The probability that a clinic needs 5 donors is given below:

$\begin{array}{l}P\left(5\right)=C_{5-1,3-1}{\left(0.41\right)}^3{\left(0.59\right)}^{5-3}\\ =C_{4,2}{\left(0.41\right)}^3{\left(0.59\right)}^2\\ =\left(\frac{4!}{2!2!}\right){\left(0.41\right)}^3{\left(0.59\right)}^2\\ =0.1439\end{array}$

Thus, the probability that a clinic needs 5 donors is 0.1439.

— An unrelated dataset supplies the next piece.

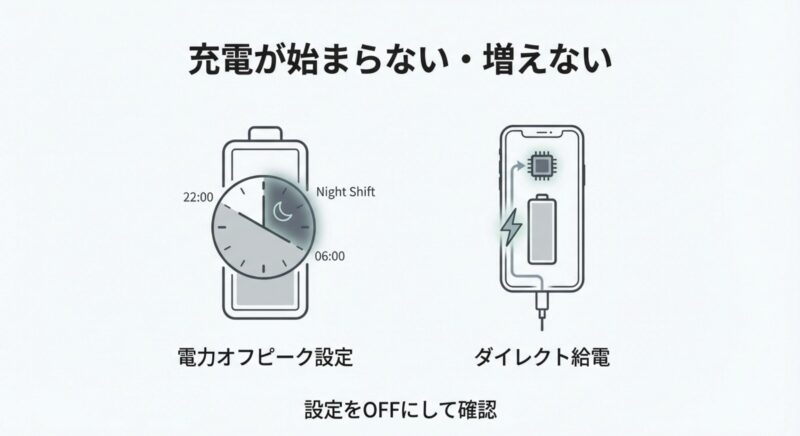 でも実際は、充電器やケーブルの相性、充電口の汚れや水濡れ、電池長持ち充電の85%で止まる設定、電力オフピーク充電で始まらない仕様、ダイレクト給電で増えない見え方など、勘違いしやすいポイントがいくつもあります。

The probability that a clinic needs 6 donors is given below:

$\begin{array}{l}P\left(6\right)=C_{6-1,3-1}{\left(0.41\right)}^3{\left(0.59\right)}^{6-3}\\ =C_{5,2}{\left(0.41\right)}^3{\left(0.59\right)}^3\\ =\left(\frac{5!}{2!3!}\right){\left(0.41\right)}^3{\left(0.59\right)}^3\\ =0.1415\end{array}$

Thus, the probability that a clinic needs 6 donors is 0.1415.

c.

To determine

Calculate the probability that a clinic will need 3 to 6 donors to obtain 3 pints of type A blood.

Answer to Problem 32P

The probability that a clinic will need 3 to 6 donors to obtain 3 pints of type A blood.

Explanation of Solution

Calculation:

The probability that a clinic will need 3 to 6 donors to obtain 3 pints of type A blood is calculated as given below:

$\begin{array}{l}P\left(3\le n\le 6\right)=P\left(3\right)+P\left(4\right)+P\left(5\right)+P\left(6\right)\\ =C_{3-1,3-1}{\left(0.41\right)}^3{\left(0.59\right)}^{3-3}+C_{4-1,3-1}{\left(0.41\right)}^3{\left(0.59\right)}^{4-3}+C_{5-1,3-1}{\left(0.41\right)}^3{\left(0.59\right)}^{5-3}\\ +C_{6-1,3-1}{\left(0.41\right)}^3{\left(0.59\right)}^{6-3}\\ =0.0689+0.1220+0.1439+0.1415\\ =\text{0}\text{.4763}\end{array}$

Thus, the probability that a clinic will need 3 to 6 donors to obtain 3 pints of type A blood is 0.4763.

d.

To determine

Calculate the probability that a clinic will need more than 6 donors to obtain 3 pints of type A blood.

Answer to Problem 32P

The probability that a clinic will need more than 6 donors to obtain 3 pints of type A is 0.5237.

Explanation of Solution

Calculation:

The probability that a clinic will need more than 6 donors to obtain 3 pints of type A is calculated as given below:

$\begin{array}{l}P\left(n>6\right)=1-P\left(n\le 6\right)\\ =1-P\left(3\le n\le 6\right)\\ =1-\text{0}\text{.4763}\\ =\text{0}\text{.5237}\end{array}$

Thus, the probability that a clinic will need more than 6 donors to obtain 3 pints of type A is 0.5237.

e.

To determine

Calculate the expected value of $n$.

Calculate the standard deviation of n.

Answer to Problem 32P

The expected value of n is 7.32

The standard deviation of n is 3.24

Explanation of Solution

Calculation:

The expected value of n is calculated as follows:

$\begin{array}{l}\mu =\frac{k}{p}\\ =\frac{3}{0.41}\\ =7.32\end{array}$

Thus, the expected value of n is 7.32.

The standard deviation of n is calculated as follows:

$\begin{array}{l}\sigma =\frac{\sqrt{kq}}{p}\\ =\frac{\sqrt{3\times 0.59}}{0.41}\\ =3.24\end{array}$

Thus, the standard deviation of n is 3.24.

Interpretation:

The expected number of donors that 3 pints of blood type A is obtained is 7.32 with a standard deviation of 3.24.